As for the elements and directions, I never really understood why the typical Pagan directions are the way they are and opted for making something more universal as a result. Air / Sky is Pole oriented, Earth is Equatorially oriented, Fire is East – where we first see the sun at dawn (our source of energy, and thus fire), and Water is West – where we last see the sun at dusk (fire seemingly doused).
I like Shrines, and I find that they can work for me too and plan on making a pocket one for myself. How shrines can work for me is as places for meditative contemplation on the theme or subject it represents and what I can do to make my tangible relationship(s) with kin better. For my pocket shrine, I plan on having it based on symbolism of Solar-Earth Life, the life cycle therein and permaculture (I will be writing more on the pocket shrine at a later time). With that symbolic imagery and written Saegoah Teachings, I’ll have native seeds for rejuvenating land that could use it, hand woven gauze/fire starter, and homemade medicinal salve. If anyone reading this has made their own pocket shrine I’d love to hear about it!
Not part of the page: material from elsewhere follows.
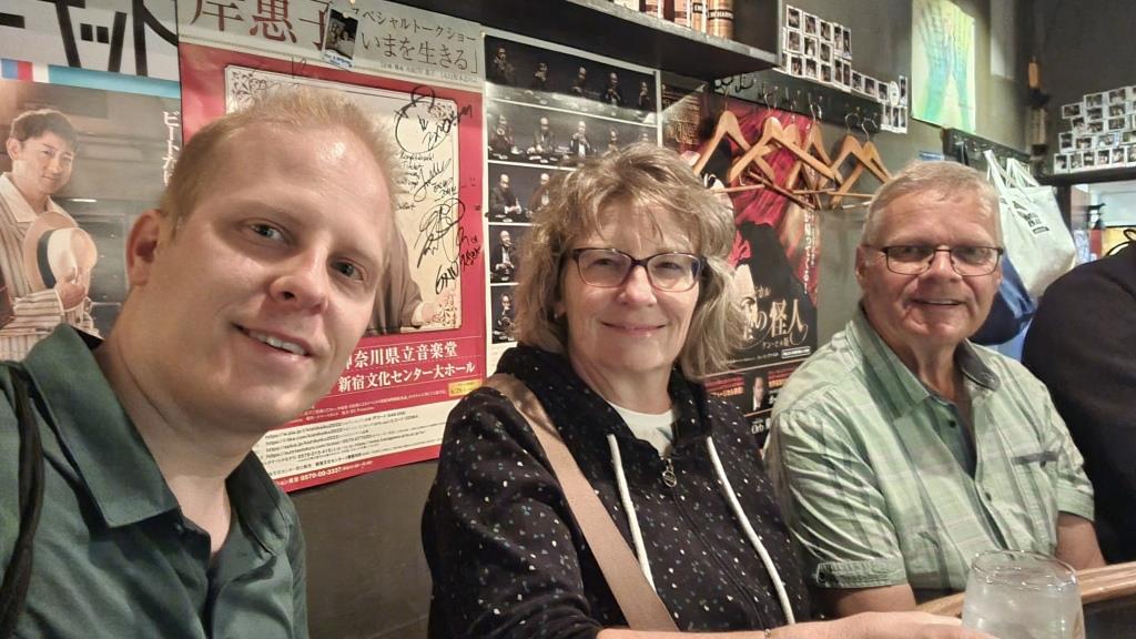 Nachdem wir fast 3 Stunden in der Schreinanlage verbracht hatten machte sich Hunger bemerkbar. Wir fuhren dann mit dem Bus in ein weiter entferntes Onsen und konnten dort eine Ramensuppe essen, die doch ganz lecker war. Jedoch hatte niemand aus der Gruppe jetzt Lust auf Onsen. Und nun sassen wir da in der Pampa und mussten eine Stunde auf den Bus warten, der uns zurück nach Nikko brachte. Mit dem Resultat, dass dort alle Cafés schon geschlossen hatten und auch die Läden dicht machten. Wir hätten lieber noch eine Stunde in Nikko verbracht anstatt in den Onsen aber das war ein Kommunikationsfehler unseres Guides, der uns nicht vorab informierte oder fragte, was wir denn noch machen wollten. Wir mussten dann noch etwas auf den Zug warten, die Plätze waren ja reserviert auf eine bestimmte Uhrzeit. So kamen wir am späteren Abend in Tokyo an. Gut hatten wir noch eine Suppe in Nikko denn die Restaurants in Japan schliessen schon früh am Abend, nach 21:00 Uhr wird es schon schwierig noch was zum Essen zu finden. Also probierten wir es in einem italienischen Restaurant am Bahnhof Akasaka und wir bekamen noch knapp einen Apérol und ein paar Bruschettas. Immerhin. Müde von dem langen Ausflugstag sind wir ins Hotel und versuchten es mit Schlafen.

In my experience, Pagans are the most welcoming of non-mainstream beliefs, but even so there tends to be a distance between me and other Pagans because my beliefs make people uncomfortable, as if that to acknowledge it as a legitimate belief is somehow detrimental to their own. I really don’t mind other beliefs, just don’t expect me to agree with you on everything, that’s all. In fact, I enjoy discussing the philosophies of all beliefs – the why’s and how’s of beliefs, without condemnation. Something I do with one friend a lot, who is a Christian Minister (who likes to study the Old Norse and Celtic Religions), and we both enjoy those discussions. I have all sorts of close friends with a whole spectrum of beliefs and we don’t have to agree on everything to get along and have a grand ol’ time. And it saddens me that being an atheist creates a rift with people that I’d really like to be able to make friends with, or simply be jolly acquaintances (because realistically, you can’t be close friends with everyone you meet). So all I ask is for those who would find themselves creating a distance with those who are atheistic because of a difference in belief, please accept our differences as simply personal outlooks that need not interfere with a possible good friendship, as the world is made a better place when there are more friends in it.